[[ DATA FOR PROCESSING open ]]

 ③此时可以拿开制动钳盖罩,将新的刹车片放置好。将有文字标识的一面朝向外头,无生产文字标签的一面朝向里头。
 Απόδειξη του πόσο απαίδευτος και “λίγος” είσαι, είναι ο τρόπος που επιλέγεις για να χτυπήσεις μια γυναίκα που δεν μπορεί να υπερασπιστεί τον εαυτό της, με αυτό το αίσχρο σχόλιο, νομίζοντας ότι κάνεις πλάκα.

[[ DATA FOR PROCESSING closed ]]
[[ DATA FOR PROCESSING open ]]

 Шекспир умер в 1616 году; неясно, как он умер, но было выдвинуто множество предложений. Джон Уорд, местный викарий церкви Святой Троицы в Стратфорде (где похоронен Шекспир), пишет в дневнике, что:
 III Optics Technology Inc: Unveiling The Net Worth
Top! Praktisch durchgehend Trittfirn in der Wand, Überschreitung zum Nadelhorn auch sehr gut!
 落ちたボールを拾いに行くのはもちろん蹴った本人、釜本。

[[ DATA FOR PROCESSING closed ]]

WHAT THE TASK REQUIRES => Using the data above, print exactly the lines from the line that contains "③此时可以拿开制动钳盖罩,将" through the line that contains "Απόδειξη του πόσο", with both included.

SOLUTION BELOW =>
 ③此时可以拿开制动钳盖罩,将新的刹车片放置好。将有文字标识的一面朝向外头,无生产文字标签的一面朝向里头。
 Απόδειξη του πόσο απαίδευτος και “λίγος” είσαι, είναι ο τρόπος που επιλέγεις για να χτυπήσεις μια γυναίκα που δεν μπορεί να υπερασπιστεί τον εαυτό της, με αυτό το αίσχρο σχόλιο, νομίζοντας ότι κάνεις πλάκα.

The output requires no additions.